Friday, December 19, 2014

Monty's Deli: Bliss Between Bread!

Monty's Deli Monty's Deli, London Salt Beef at Monty's Deli Reuben Sandwich Monty's Deli
There is only one thing that would make me walk around freezing Bermondsey Market in London... the thought of biting into juicy, tender meat stuck between two thin slices of bread. And what better place than Monty's Deli?

I first heard of Monty's Deli while watching Tom Kerridge's Proper Pub Food on BBC 2. When I watched the show with my wife she literally grabbed my arm, fingernails digging into my flesh, and said, "sweetie, you have to take me there!" Fast forward a year and I've finally fulfilled my promise to her. And it did not disappoint.

Having lived in Manhattan for a couple of years I have eaten my share of deli sandwiches. I was a regular at Katz's Deli and I have even learned the ancient art of dislocating my jaw in order to receive the delicious deli sandwich squarely and wholly into my mouth.

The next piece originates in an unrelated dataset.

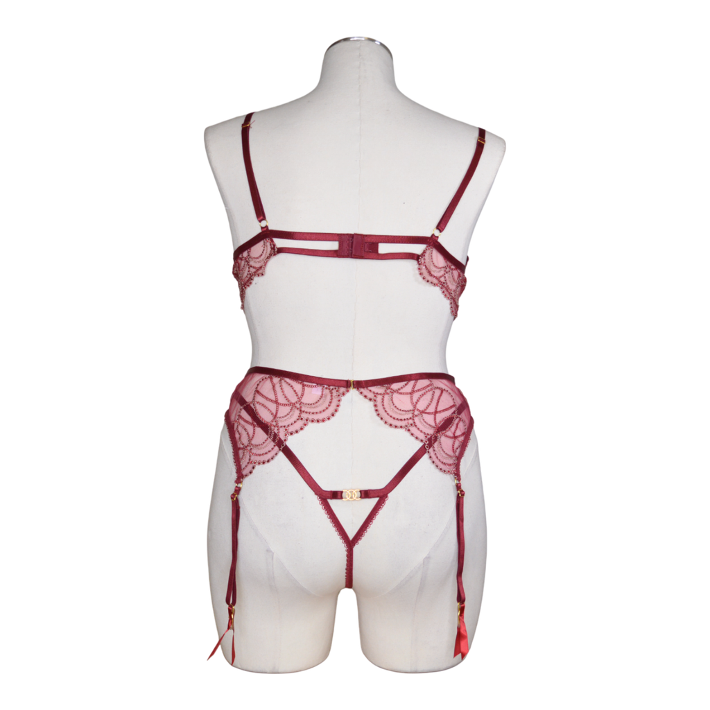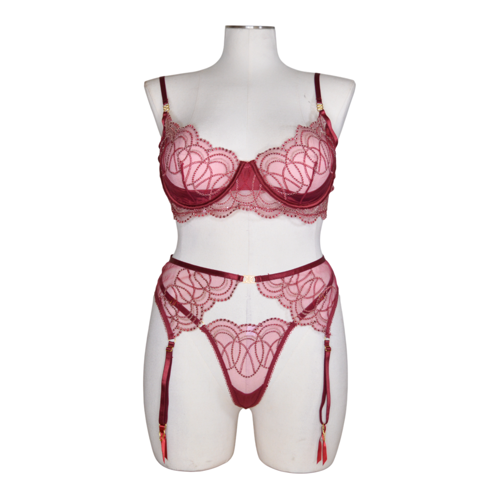 Beaded Belle 3-Piece Garter Set. Metallic embroidery bead lace. Three ring metal hardware. Demi cup with underwire.

Monty's Deli doesn't mess around. Their meats are so good, so juicy, so tender and so flavorful that there is really no comparison to anything else I've had in London. Each giant mouthful takes me back to the Lower East Side and suddenly I can hear New Yorkers yelling their orders across the restaurant and the smell of meat cooking so slowly, it almost goes back in time.

My Reuben with Salt Beef, Toasted Rye, Melted Cheese, Russian Dressing and Sauerkraut, served with Coleslaw and a crunchy Pickle was as nice as any sandwich I have ever tasted. At a crisp £7.50 it wasn't the most expensive meal I've ever had either.

Well done chaps!

To view my professional food photography visit: Taylor Young Photography

Monty's Deli on Urbanspoon


Monday, November 24, 2014

Duke of Cumberland Arms, West Sussex: Picture Perfect!

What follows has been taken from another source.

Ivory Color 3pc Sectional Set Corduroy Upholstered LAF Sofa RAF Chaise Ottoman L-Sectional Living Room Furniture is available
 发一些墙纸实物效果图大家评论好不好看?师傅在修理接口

The Duke of Cumberland Arms Pub Henley, West Sussex The Duke of Cumberland Arms Pub The Duke of Cumberland Arms Pub Menu Inside The Duke of Cumberland Arms Pub Mussels Mussel Fish and Chips Burger Lovely Scenery Beautiful Views Outside Fireplace Panoramic Views
We are so fortunate to have a plethora of excellent pubs in the South of England. It seems like every time I read an article on the food scene in the country, there's another pub that is touted, "must-try", "the best in the country", "as idyllic as it gets". This is both a good thing and a bad thing. Why? Well, have you ever visited a shop early in the morning and there are a million parking spaces? Normally there aren't any and you dive into the first space you find. But when the parking lot is empty you take ages and finally pick the one that looks like it's been preordained by God as the space for you that morning. Usually it's no closer, or better than the space you normally get and it took you half an hour to decide. It's the same thing with the pub scene here in the UK.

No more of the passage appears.